When the semester began I was surprised that we started with all this talk about research and observation and insight and reflection. I figured we were just establishing the fundamentals, and that it all would blow over soon and we would finally begin designing things.
As weeks became months, however, and we were still talking about cores and processes, I became incredibly frustrated. I felt dead inside. I was ready to leave the program, this stupid program that has design in its name, where you don’t even design anything. Two months in, not a breath has been wasted on interface design patterns, or user interface elements, or Fitt’s Law, or anything else that one thinks would be covered in a human-computer interaction design program. In fact, one of our courses this semester is an exercise in socratic philosophy, more than anything else.
So where is the design?
All this nonsense, I thought. The sooner we could get this procedural garbage over and done with, the sooner we could get to the good stuff. The sooner we could start designing.
Just recently it all began falling into place in my head. I realized that my conceptualization of design, while perhaps decently sophisticated, was terribly narrow in scope, and included only about the final ten percent of the process. I was familiar with the principles that govern the construction of a design once an idea has been established, but I knew nothing of how to reach that idea.
All this nonsense we have been doing, it is far from nonsense. This is design. Indeed, 90 percent of the design process is informing your final design argument, and yet I was only familiar with that final ten percent. Without a good design strategy, you’ll certainly be able to rush into a design and start building something sooner, but it’s ultimately going to be a weak design with a weak argument. Design is a marathon, and in my hubris I thought I could take a taxi to within 500 feet of the finish line and still claim a fair victory.

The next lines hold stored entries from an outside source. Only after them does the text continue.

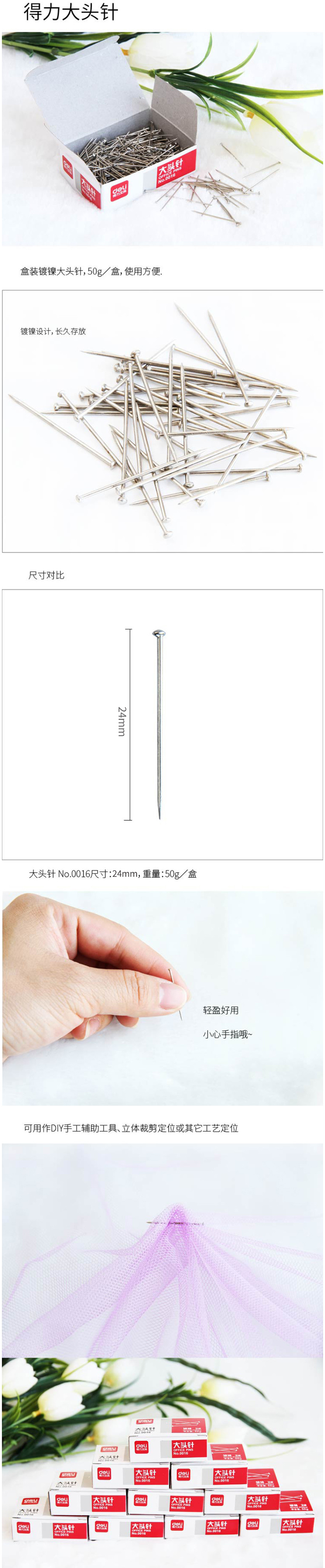 得力 图钉 0016 大头针 50G 50299 500盒/箱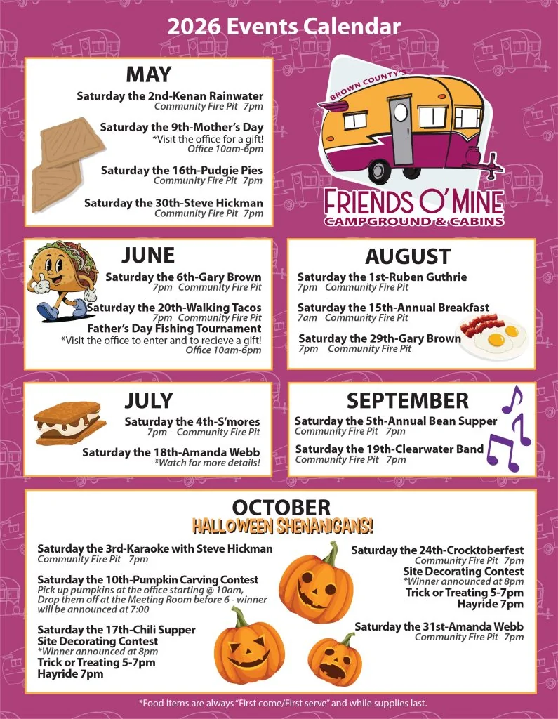 The camp store sells essentials and gifts for guests. The park sits on State Road 46 East near Brown County State Park. Nashville's artisan shops and local dining are a short drive away.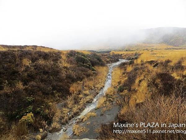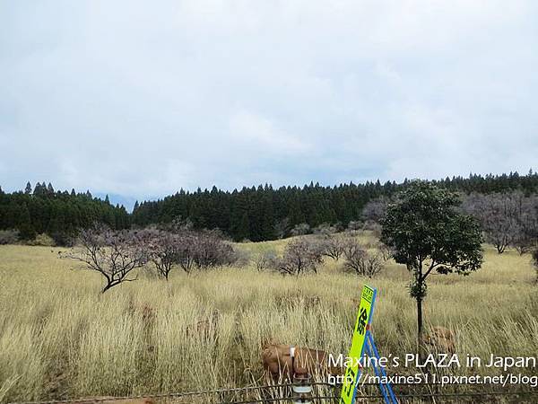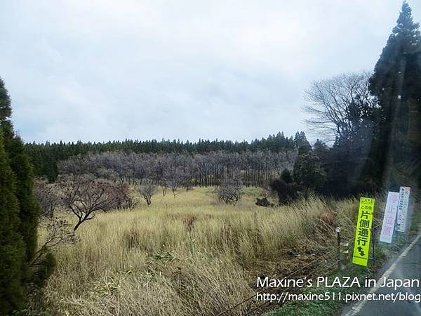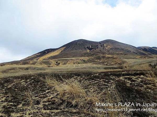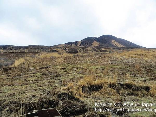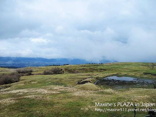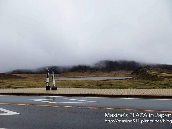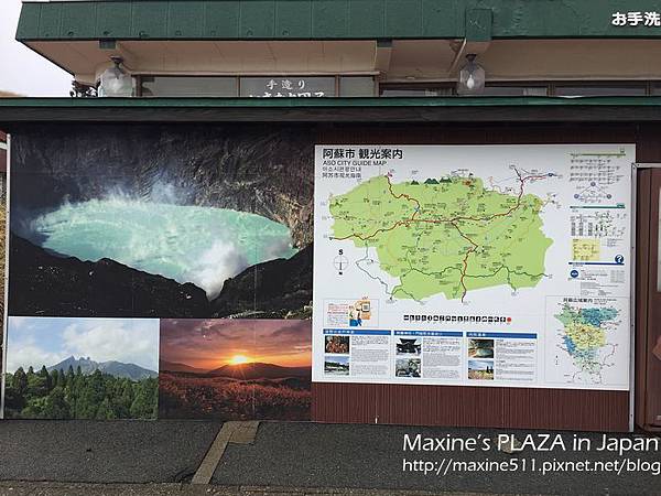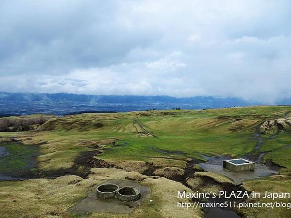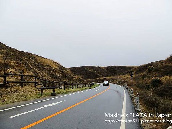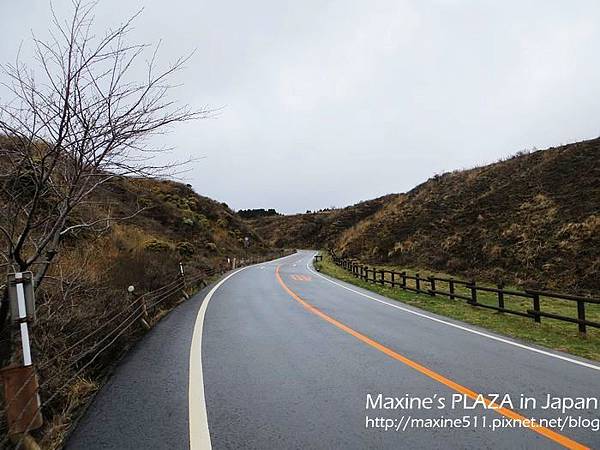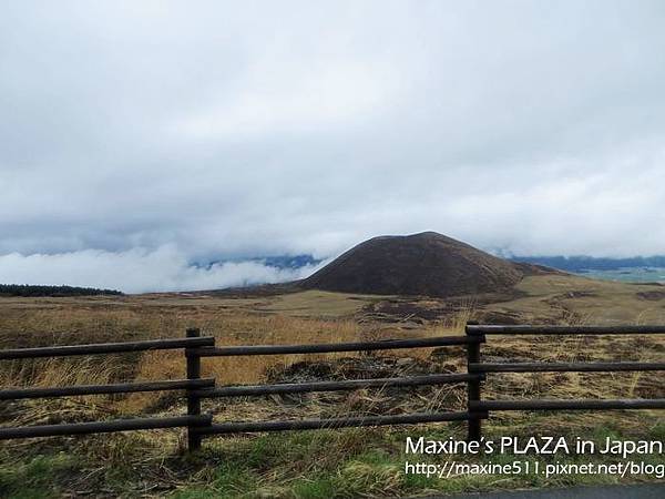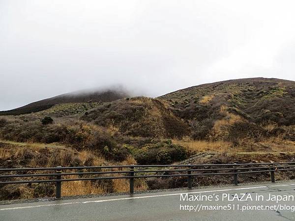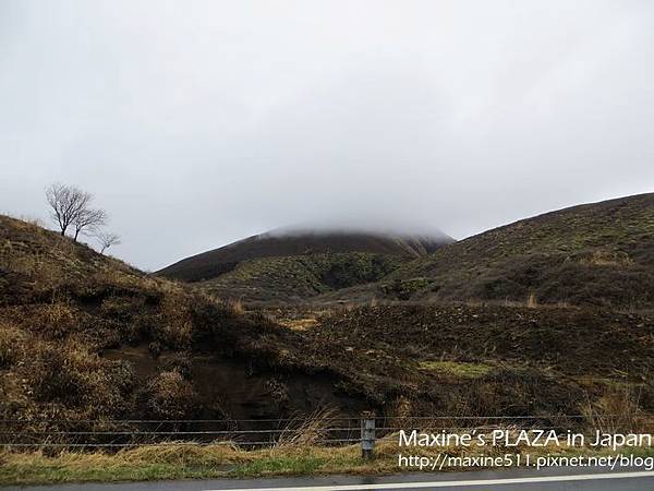 左右兩邊窗外的景色都不一樣,如果想看到阿蘇市區的風景,可以坐右側。行車途中,車上會有語音導覽,日文跟英文介紹。聽了介紹說阿蘇火山其實是火山群的總稱,這裡總共有五座山。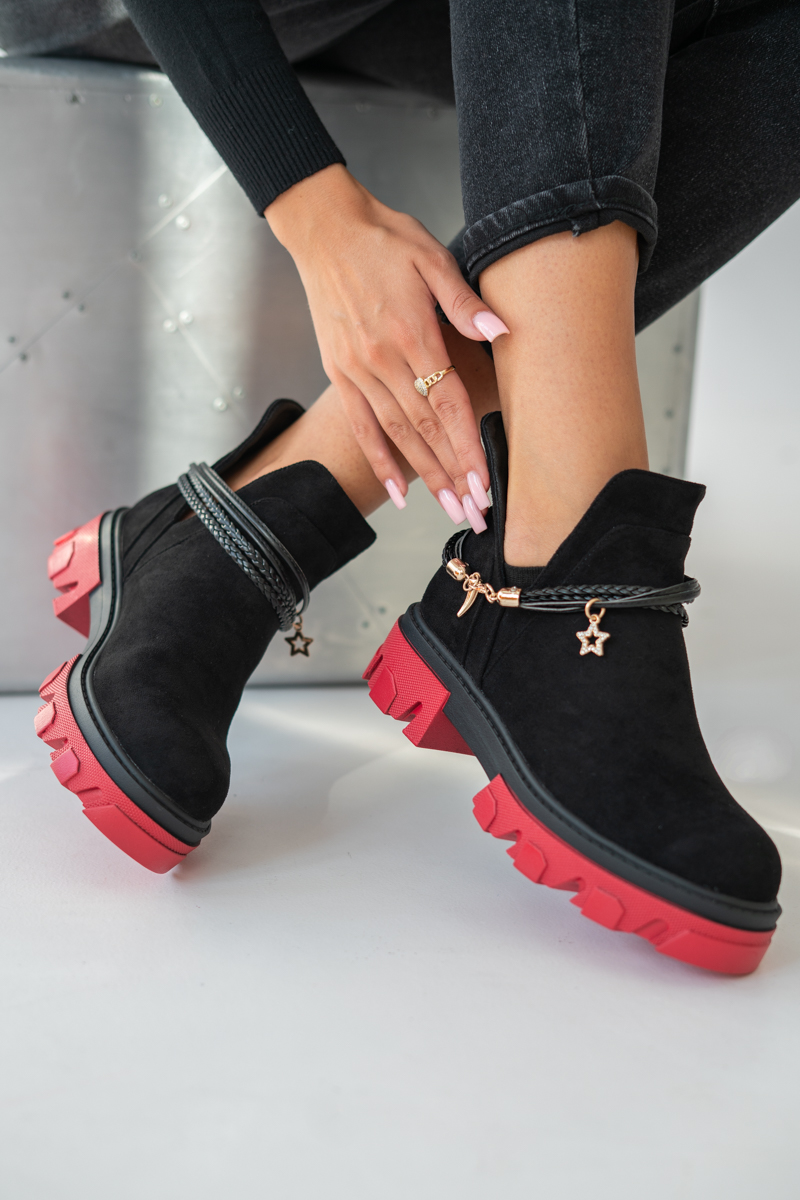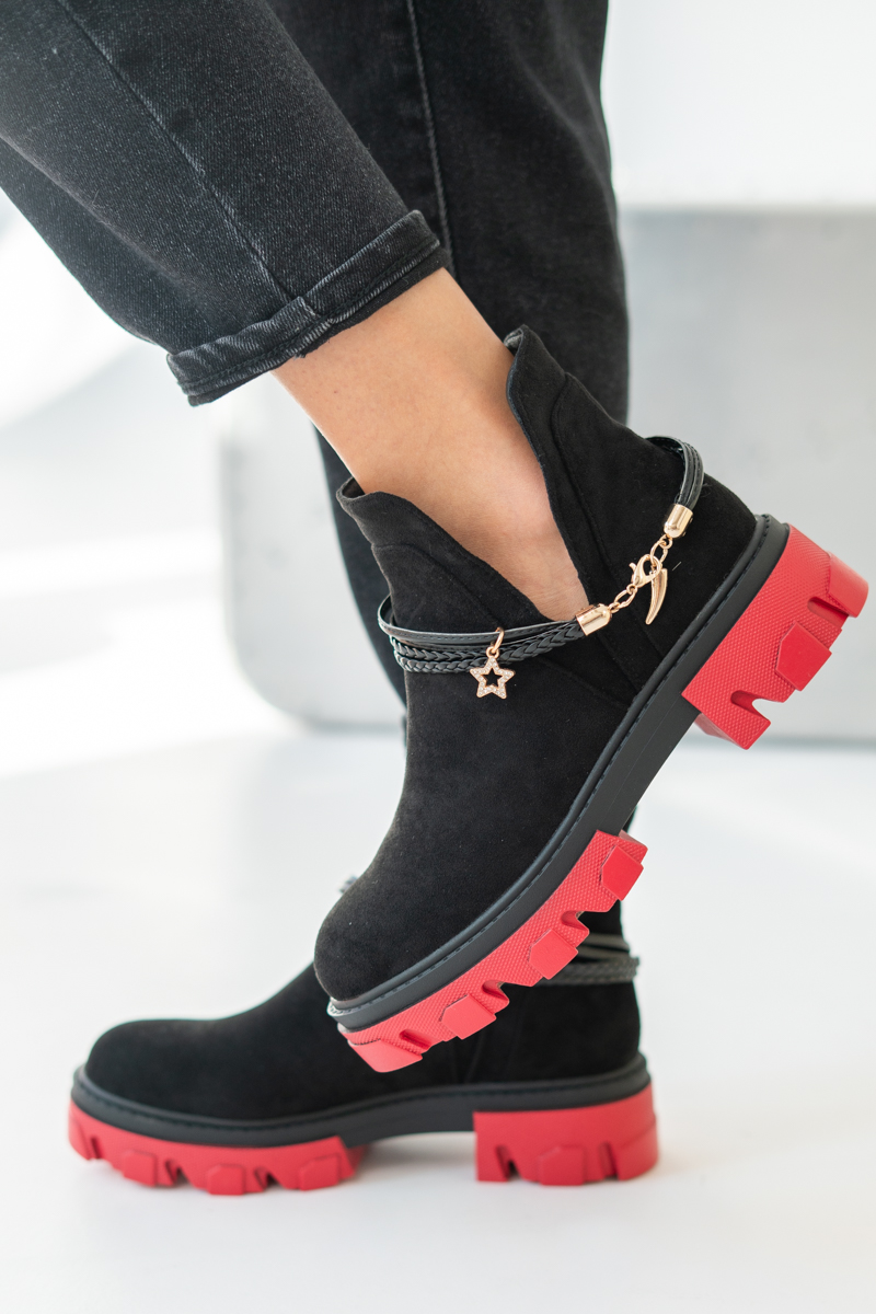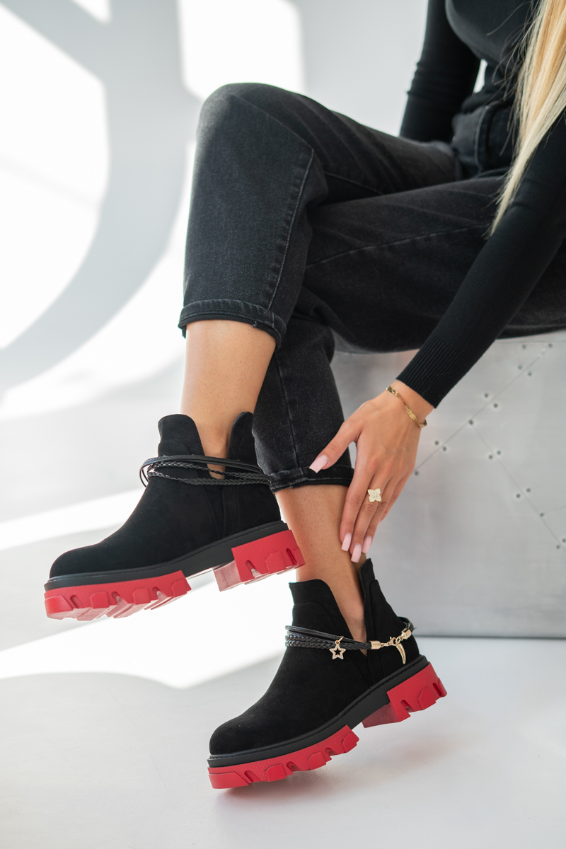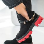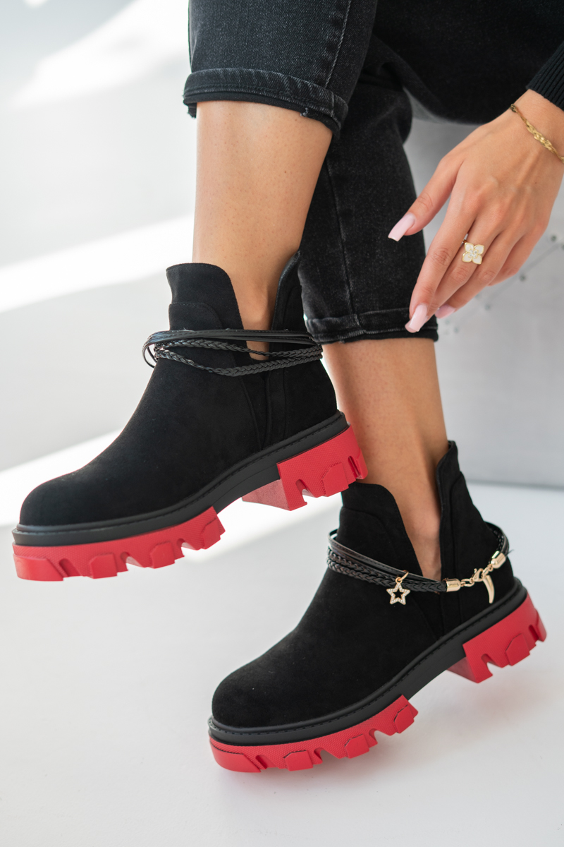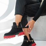 Botki damskie z czerwoną podeszwą Czarne – Rouvelle

This program is obsessed with the process, and not the final product, because the process will ultimately inform everything we will ever design. Ever. If we do not understand these fundamentals, if we have not been immersed in the design process, and if we are not able to abstract these procedures and apply them in different contexts, the world owes us nothing.
I sincerely believe that this program addresses one of the most important things being undertaken in the world right now. This is a complete reconceptualization of what it means to create anything, from products to systems to policies. If humans are to exist in their current capacity for another hundred years, we need to begin informing our actions with deliberate design-based thinking.
Everything is a design problem.
We are learning a mental and procedural framework that will guide the values we hold, and the design decisions we make, for the rest of our lives. That is why this is hard, and that is why this is important.